Events in the year 2025 in the Cook Islands.

== Incumbents ==

- Monarch: Charles III
- Queen's/King's Representative: Tom Marsters
- Prime Minister: Mark Brown

== Events ==
===February===
- 6 February:
  - Cook Islands Prime Minister Mark Brown abandons his proposal for a Cook Islands passport in response to New Zealand opposition.
  - New Zealand Foreign Minister Winston Peters criticises the Cook Islands government for not consulting New Zealand on a planned partnership agreement with the People's Republic of China, regarding it as a potential breach of the free association relationship between NZ and the Cook Islands.
- 7 February: Prime Minister Brown defends the Cook Islands government's decision not to consult New Zealand about its planned partnership agreement with China, claiming it does not involve foreign affairs and defence issues.
- 10 February:
  - Brown embarks on a state visit to China to sign a "Joint Action Plan for a Comprehensive Strategic Partnership."
  - Chinese Foreign Ministry spokesperson Guo Jiakun states that "the relationship between China and the Cook Islands does not target any third party, and should not be disrupted or restrained by any third party."
- 12 February – The Cabinet of the Cook Islands affirms its support for Brown's leadership and the partnership agreement with China.
- 13 February – Guo confirms that Prime Minister Brown will be attending the closing ceremony of the 2025 Asian Winter Games in Harbin.
- 15 February – Cook Islands Foreign Minister Tingika Elikana confirms that his government has ratified a partnership agreement with China without disclosing the contents with New Zealand.

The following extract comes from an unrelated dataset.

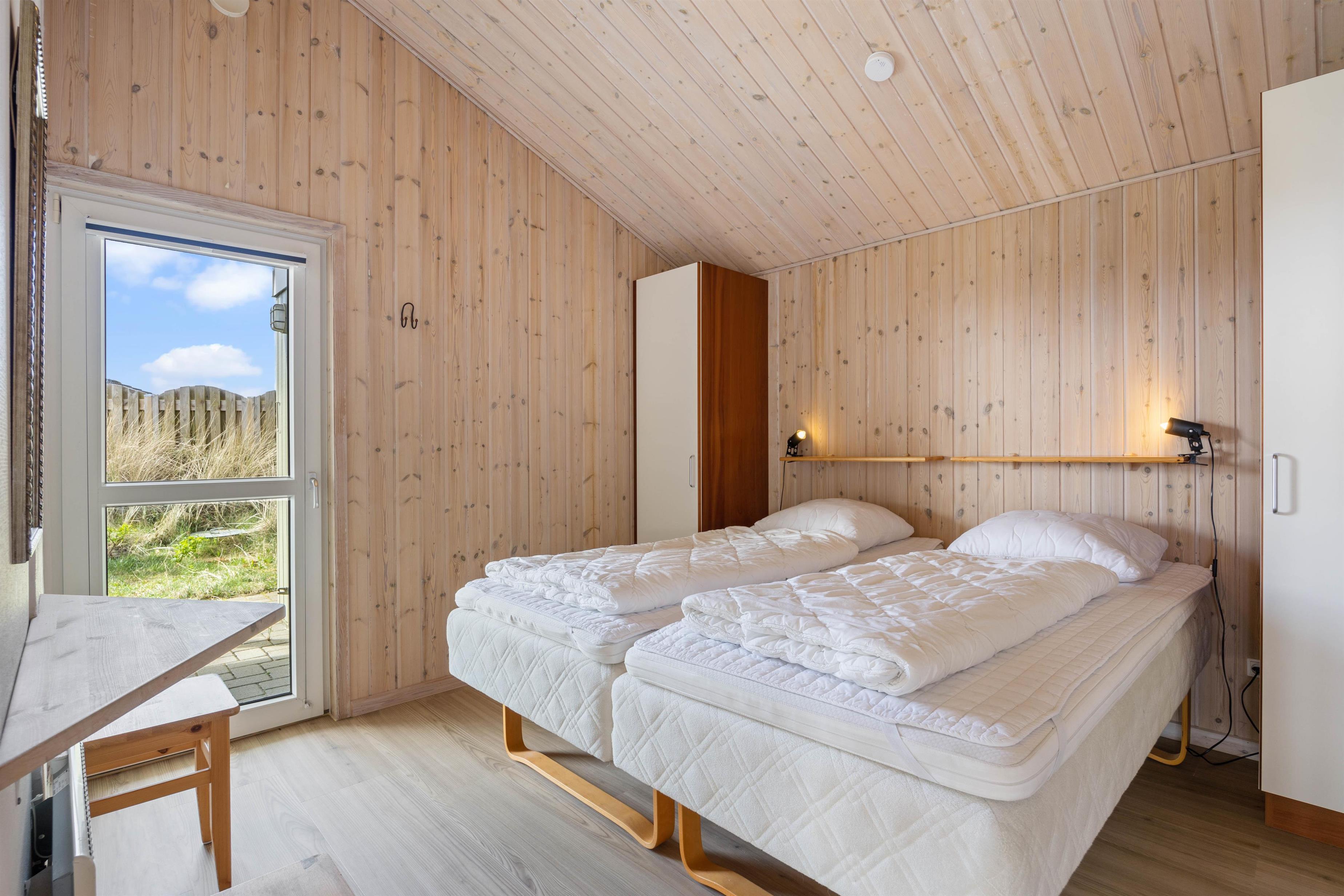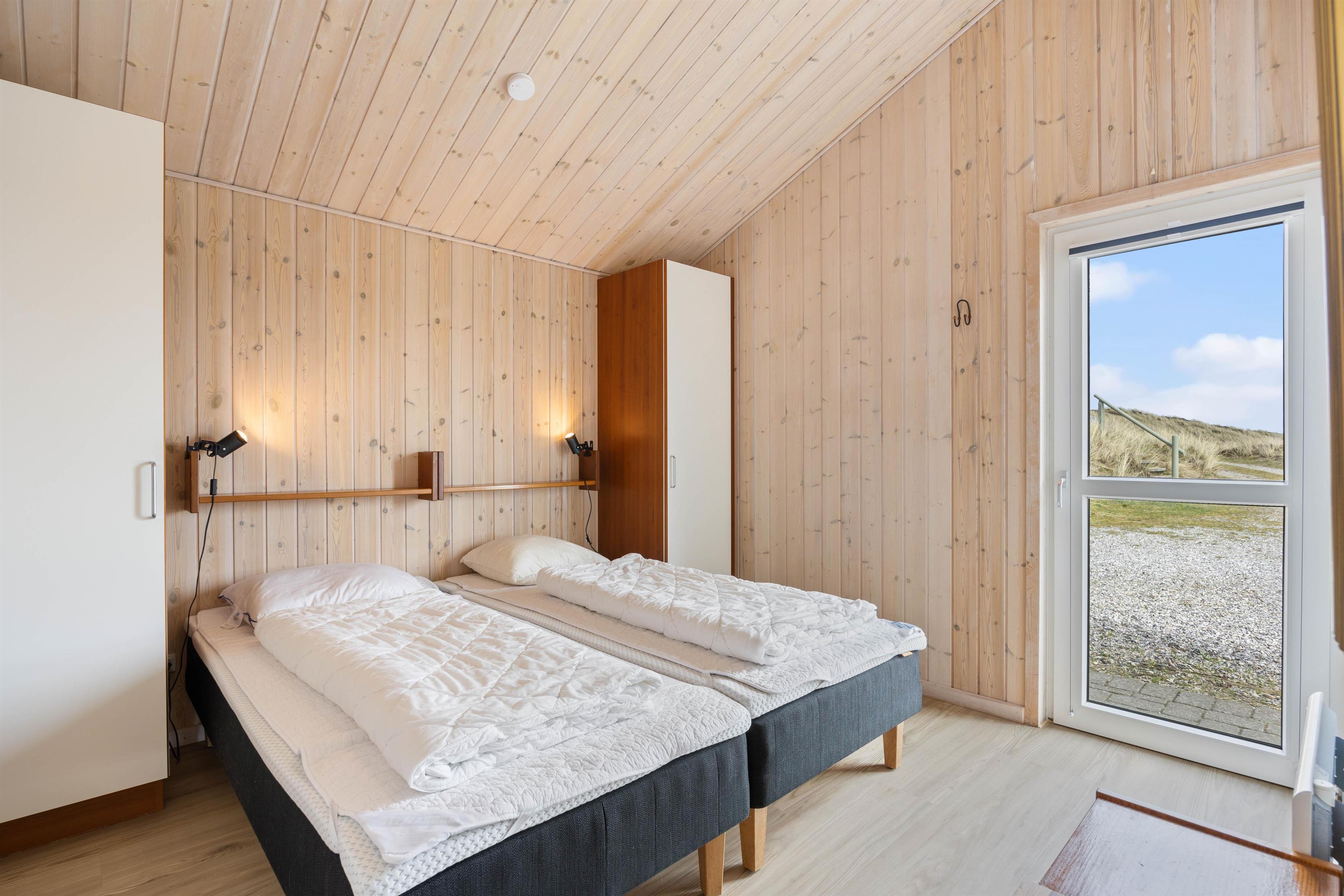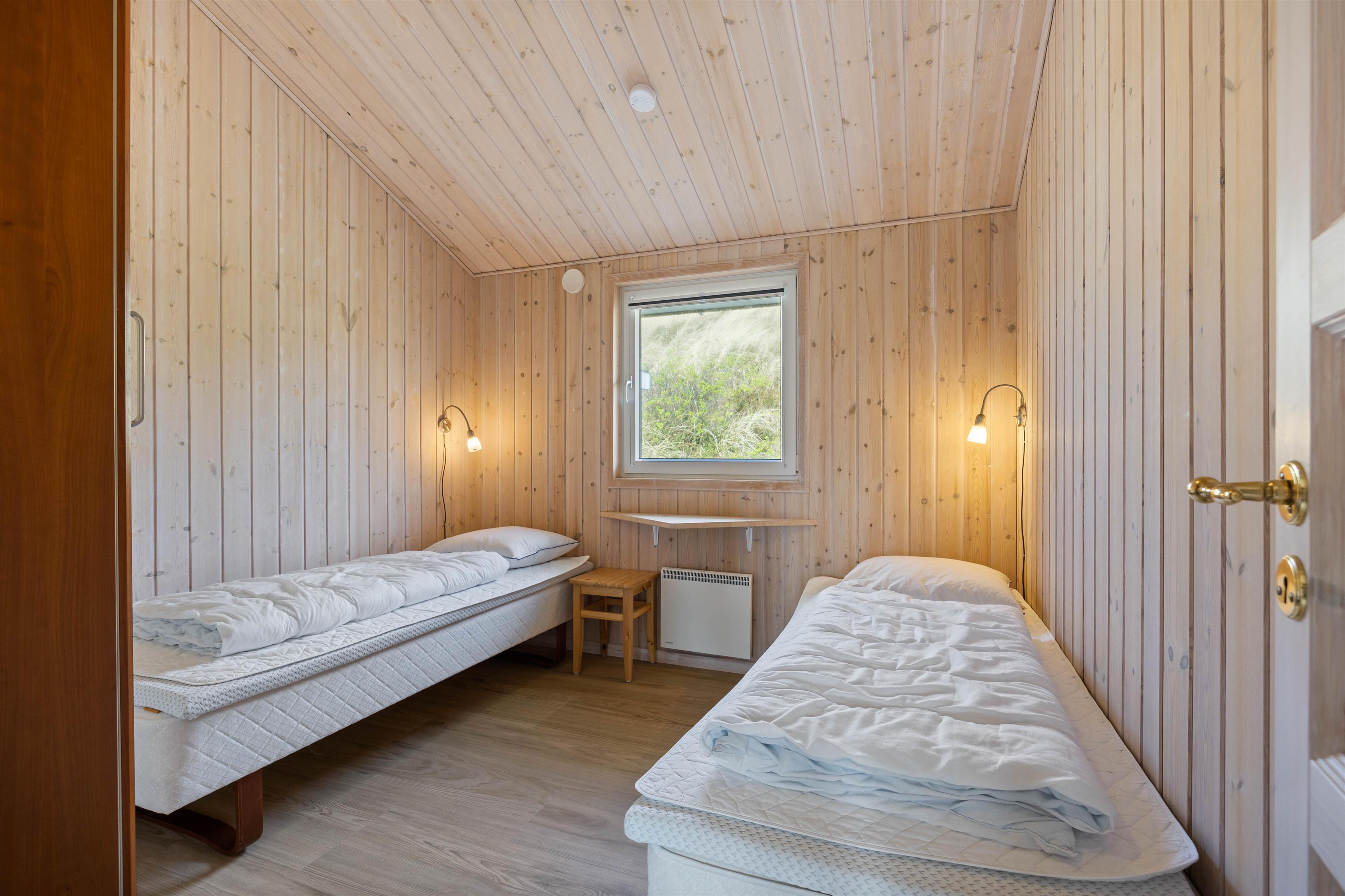 Feriehuset har 2 soveværelser med dobbeltsenge og 1 soveværelse med 2 enkeltsenge. Der er gulvvarme i både badeværelse og gæstetoilet, og desuden vaskemaskine og tørretumbler. Der opvarmes blandt andet med en energibesparende varmepumpe.

His New Zealand counterpart Peters says that New Zealand will be considering the agreement carefully in light of New Zealand's constitutional relationship with the island country.
- 17 February – About 400 people attended a protest organised by Cook Islands United Party leader Teariki Heather to protest the Cook Islands government's recent partnership agreement with China and abandoned Cook Islands passport proposal, which they say threatens relations with New Zealand.
- 18 February – The Cook Islands government releases the text of its comprehensive strategic partnership agreement with China.
- 22 February – The Cook Islands government acknowledged it has signed a five-year seabed mining agreement with China.
- 26 February – Prime Minister Brown survives a motion of no confidence lodged by Cook Islands United Party leader Teariki Heather.

===June===
- 19 June – The New Zealand Government confirms it has suspended NZ$20 million of core sector support funding to the Cook Islands in early June 2025 in response to the Cook Islands' February 2025 partnership agreement with China. The Cook Islands government had signed the partnership agreement without consulting New Zealand, per the requirements of their free association relationship.

===July===
- 10 July – A ban on plastic shopping bags comes into effect, with retailers facing fines of NZ$20,000. The Cook Islands Parliament had last week passed the Solid and Hazardous Waste Act, which bans single-use plastic objects such as straws, cocktail stirrers, plates and bags.

===August===
- 5 July — Celebrations marking the 60th anniversary of the Cook Islands' constitution are held at the National Auditorium in Rarotonga. The ceremony is attended by several Cook Islands and New Zealand figures including Cook Islands Prime Minister Mark Brown and New Zealand Governor-General Dame Cindy Kiro. New Zealand Prime Minister Christopher Luxon and Foreign Minister Winston Peters declined to attend due to a breakdown in bilateral relations between the two countries over the Cook Islands' partnership agreement with China.

===November===
- 9 November – The New Zealand Government extends its suspension of NZ$29.8 million worth of funding to the Cook Islands over the next two financial years in response to the Cook Islands Government signing several partnership agreements with China in February 2025.